Using Modal Action Patterns to Influence Behavior

These are my notes from the 2012 Art and Science of Animal Training Conference.
Click here for more notes from this conference.

This was the second year that Phung Luu spoke at the Art and Science of Animal Training Conference. Phung Luu is a very talented bird trainer. Last year, at the 3rd annual conference, Phung spoke about errorless learning. This year, he gave a very interesting talk about Modal Action Patterns. He discussed what are Modal Action Patterns and how trainers can use them.

What is a Modal Action Pattern (MAP)?

A modal action pattern is a genetic-like behavior or chain of behaviors that is triggered by a particular stimulus. Modal action patterns are also called fixed action patterns (FAP). However, Phung explained that some researchers are moving toward using the term modal action pattern instead of fixed action pattern because they want to recognize and emphasize that all behaviors, even highly stereotypic, species-specific patterns of behavior, are still somewhat flexible.

Common examples of MAPs and FAPs include the mating dances of many species, some types of displays of aggression, the pointing and herding instincts of some breeds of dogs, spider web building, and when a baby bird pecks at an adult’s beak so that the adult bird will regurgitate food. One example of a MAP that shows the flexibility of these types of behaviors is a bird’s nest building behavior. Birds “instinctively” know how to build nests. However, most people don’t realize that this behavior is still quite flexible and that a bird’s nest building behavior improves over the years with practice.

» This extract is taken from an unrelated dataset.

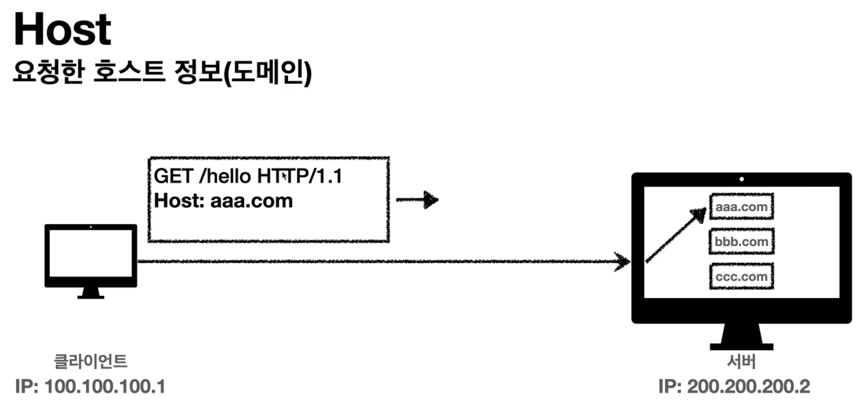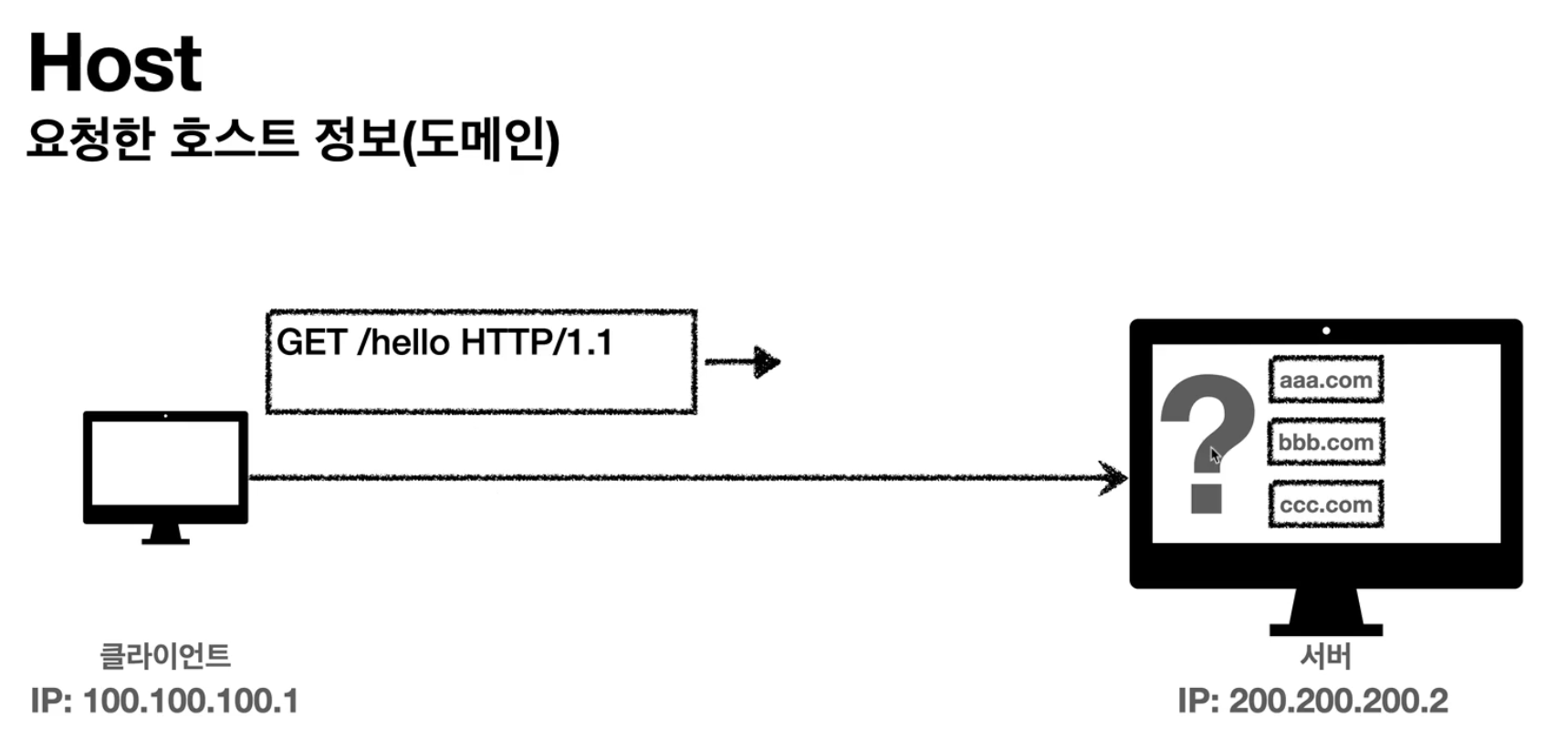 서버는 하나의 도메인만 처리하는 것이 아닌 여러 도메인을 처리할 수도 있다. 이때 클라이언트가 서버에 요청을 보냈을 때 서버가 여러 도메인을 가지고 있다면 클라이언트와 서버는 IP로만 통신하기에 서버는 클라이언트가 보낸 /hello가 aaa.com에 관련된 애플리케이션에 들어가야할지, bbb.com에 관련된 애플리케이션에 들어가야할지 구분 할 방법이 없다. 그래서 필수로 HTTP헤더에 host로 도메인을 넣어 서버가 구분을 할 수 있도록 만들어 준다.

Here’s what trainers need to remember about MAPs and FAPs. Most animals have stereotypic or set behavior patterns that are characteristic to that species. Animal trainers need to be aware of these behaviors so that they can manage them, or even use them to their advantage. As well, if trainers aren’t aware of these types of behaviors, they are likely to get in trouble. Although the basic principles of training apply to every species, MAPs are one reason why before you begin working with a new species, it is important to spend time studying that species and becoming familiar with that species’ behaviors.

Using MAPs to Your Advantage When Training Animals

When training animals, you can use MAPs to reduce behavior you don’t want or to encourage behavior that you do want. One example Phung Luu discussed involved a jaw popping behavior that dolphins do. Researchers use to think that the jaw popping sound was caused entirely by the physical movement of the jaw popping. However, they later realized that the dolphins had a special vocalization that accompanied the jaw pop behavior. Phung discussed how Ken Ramirez worked with scientists and other trainers to teach dolphins to do this behavior on cue. This allowed researchers working on dolphin vocalization to closely study a new type of dolphin vocalization that had not been previously studied.

Phung also discussed how he has used MAPs with aggressive Andean condors. Condors are big birds, with up to a 10 foot wing span. Phung showed a few videos of these birds in his lecture. They were gorgeous birds, but I wouldn’t want to get too close to an aggressive one! One behavior that young condors do is a wing pumping behavior. This is a friendly behavior that is often done to older animals. Phung knew that condors never wing pump and aggress at the same time. So, in several aggressive condors, Phung has shaped up the wing pump behavior. He has used this behavior to decrease aggression, while teaching the bird how to interact positively with people. He starts slowly, by first reinforcing any small wing movements and then shaping the bird to lift his wings. The wing pump gives the bird an alternative behavior to do while people are present and teaches the bird a positive way to interact with people, without having to be aggressive.

Phung’s lecture gave me a lot to think about regarding how we can use “natural” behaviors to improve our training. Many times we only think of these types of behaviors as getting in the way of training. Have you used MAPs or natural species behaviors to your advantage when you are training? If not, can you think of some ways that you might be able to incorporate some of these ideas into your training?